▶ [Aim of the exercise]: Your output should be exactly the lines from the one containing "保护模式通过两种机制:1.段" through the final line of the following data, please, with no pictures.

▶ [Data section]:
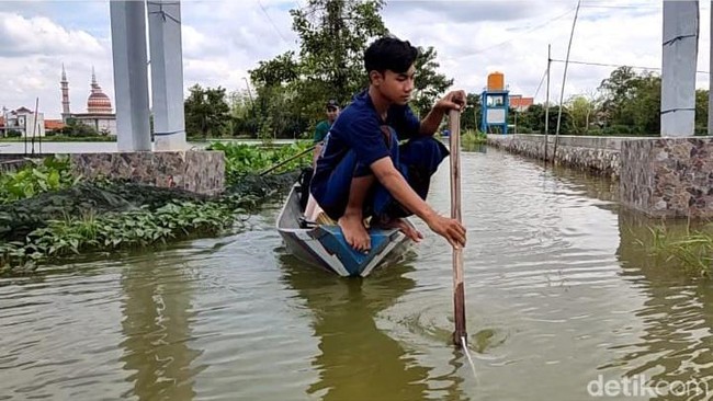 Warga Desa Bojoasri, Kecamatan Kalitengah tak kehabisan akal. Mereka menggunakan perahu untuk menunjang aktivitas di tengah banjir.
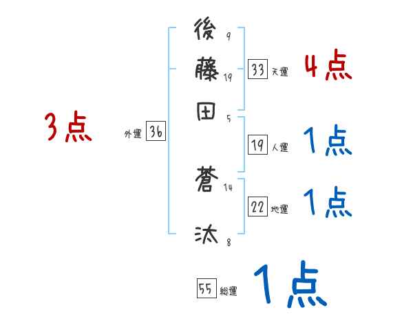 外運![]() | 後藤田蒼汰さんの外運は36画の3つ星!先見性が豊かです。多少神経質で苦労することも。 生活面を象徴する運勢です。外部から受ける影響力を表し、結婚運、家庭運や職場、環境への順応性を表します。 |
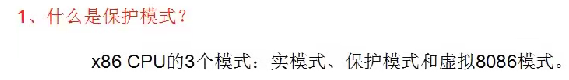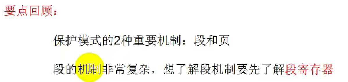 保护模式通过两种机制:1.段的机制。2.页的机制。通过上面两个机制来达到保护的目的,主要保护系统的数据结构如GDT表、IDT表还有一些关键的寄存器比如CR0寄存器。我们学习保护模式主要就是学习什么是段的机制,什么是页的机制,在后面学习的时候就称为段和页。
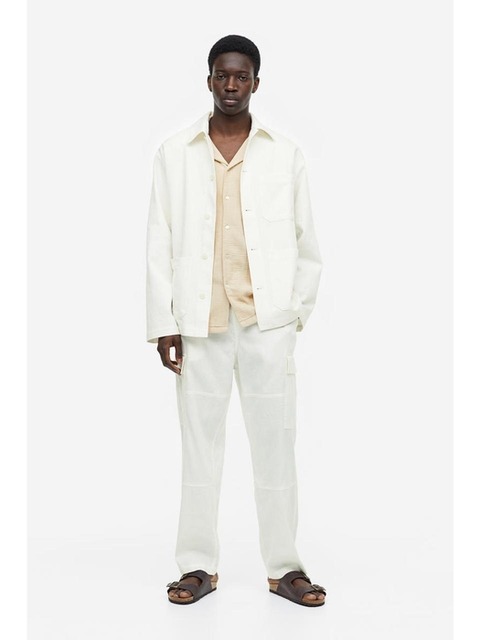 [에이치엔엠] Regular Fit 리넨 블렌드 카고 팬츠 화이트 1138849001

▶ [Finished task]:
 保护模式通过两种机制:1.段的机制。2.页的机制。通过上面两个机制来达到保护的目的,主要保护系统的数据结构如GDT表、IDT表还有一些关键的寄存器比如CR0寄存器。我们学习保护模式主要就是学习什么是段的机制,什么是页的机制,在后面学习的时候就称为段和页。
 [에이치엔엠] Regular Fit 리넨 블렌드 카고 팬츠 화이트 1138849001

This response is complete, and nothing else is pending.